*How to complete this task*: Find, in the records below, the line that contains "Our 2nd edition" and the line that contains "See Figure. |". Copy those two lines and everything between them exactly, but not the pictures.

*Exercise materials*:
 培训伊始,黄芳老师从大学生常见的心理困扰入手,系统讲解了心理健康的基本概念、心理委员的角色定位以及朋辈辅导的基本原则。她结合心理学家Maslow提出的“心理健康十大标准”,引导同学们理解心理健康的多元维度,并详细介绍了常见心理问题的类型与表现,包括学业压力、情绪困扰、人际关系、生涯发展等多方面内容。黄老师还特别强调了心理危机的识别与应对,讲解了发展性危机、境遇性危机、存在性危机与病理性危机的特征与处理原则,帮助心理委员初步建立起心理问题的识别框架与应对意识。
--
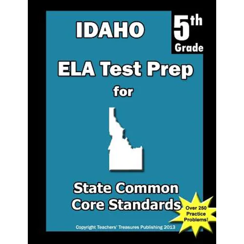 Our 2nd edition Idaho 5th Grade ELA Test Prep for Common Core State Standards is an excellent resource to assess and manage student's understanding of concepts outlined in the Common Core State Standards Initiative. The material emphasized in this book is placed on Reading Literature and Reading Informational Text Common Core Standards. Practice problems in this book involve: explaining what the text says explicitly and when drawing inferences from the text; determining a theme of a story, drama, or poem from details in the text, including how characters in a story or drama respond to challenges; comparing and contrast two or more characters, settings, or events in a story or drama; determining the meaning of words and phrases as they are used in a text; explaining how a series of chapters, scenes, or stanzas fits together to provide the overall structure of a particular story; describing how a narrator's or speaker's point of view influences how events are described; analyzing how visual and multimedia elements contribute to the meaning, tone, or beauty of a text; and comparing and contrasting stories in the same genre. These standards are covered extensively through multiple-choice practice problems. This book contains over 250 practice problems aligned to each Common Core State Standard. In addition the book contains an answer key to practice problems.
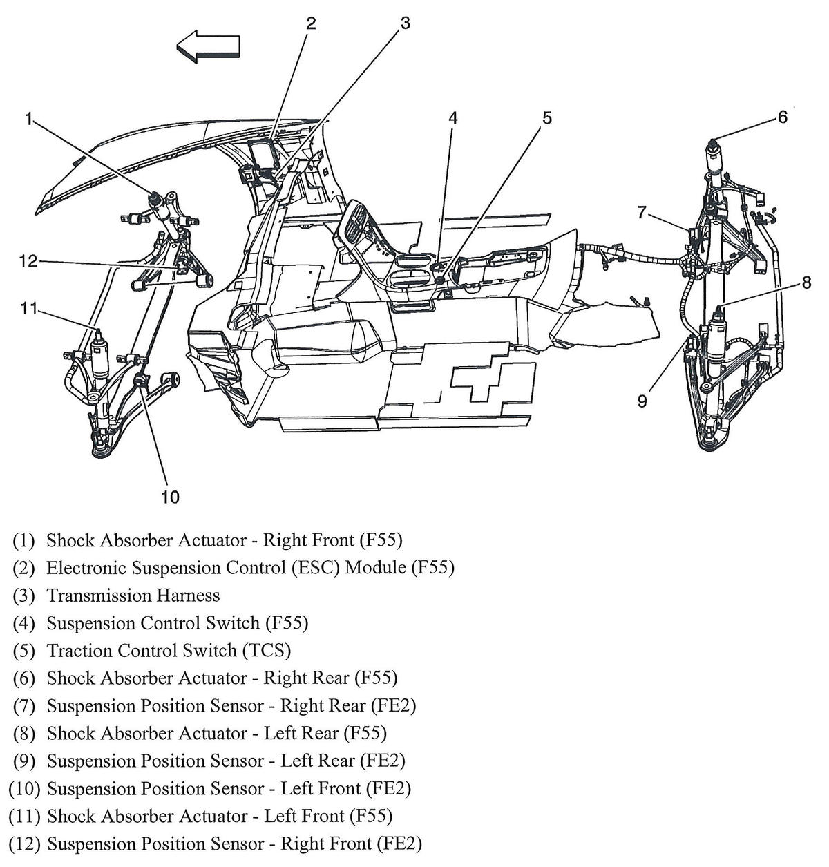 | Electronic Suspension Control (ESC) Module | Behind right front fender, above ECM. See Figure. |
==
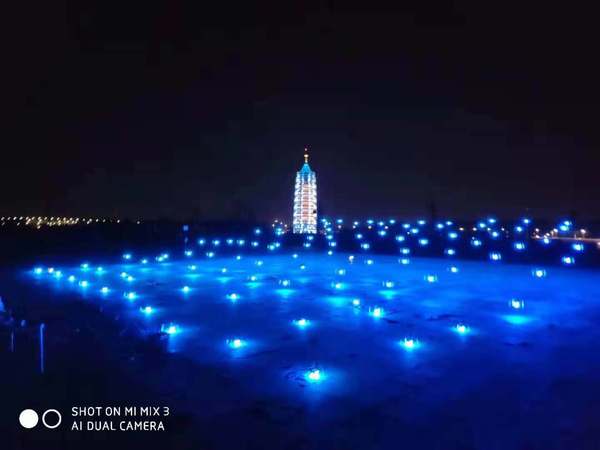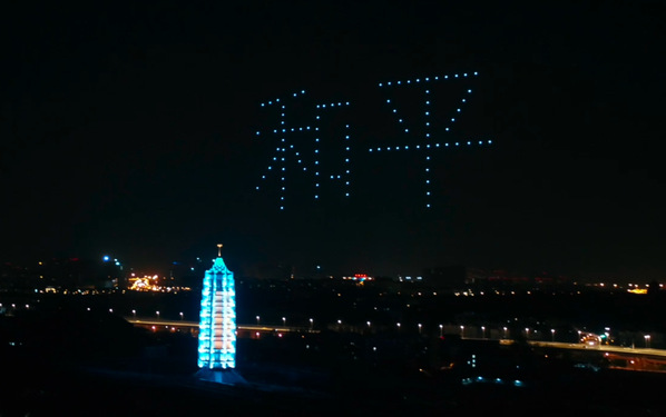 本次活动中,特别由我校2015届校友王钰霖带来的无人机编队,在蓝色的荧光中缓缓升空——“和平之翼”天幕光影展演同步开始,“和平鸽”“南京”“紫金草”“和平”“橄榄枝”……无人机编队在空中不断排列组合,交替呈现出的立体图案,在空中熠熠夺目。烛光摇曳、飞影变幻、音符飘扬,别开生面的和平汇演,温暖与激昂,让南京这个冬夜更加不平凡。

*Exercise answer*:
 Our 2nd edition Idaho 5th Grade ELA Test Prep for Common Core State Standards is an excellent resource to assess and manage student's understanding of concepts outlined in the Common Core State Standards Initiative. The material emphasized in this book is placed on Reading Literature and Reading Informational Text Common Core Standards. Practice problems in this book involve: explaining what the text says explicitly and when drawing inferences from the text; determining a theme of a story, drama, or poem from details in the text, including how characters in a story or drama respond to challenges; comparing and contrast two or more characters, settings, or events in a story or drama; determining the meaning of words and phrases as they are used in a text; explaining how a series of chapters, scenes, or stanzas fits together to provide the overall structure of a particular story; describing how a narrator's or speaker's point of view influences how events are described; analyzing how visual and multimedia elements contribute to the meaning, tone, or beauty of a text; and comparing and contrasting stories in the same genre. These standards are covered extensively through multiple-choice practice problems. This book contains over 250 practice problems aligned to each Common Core State Standard. In addition the book contains an answer key to practice problems.
 | Electronic Suspension Control (ESC) Module | Behind right front fender, above ECM. See Figure. |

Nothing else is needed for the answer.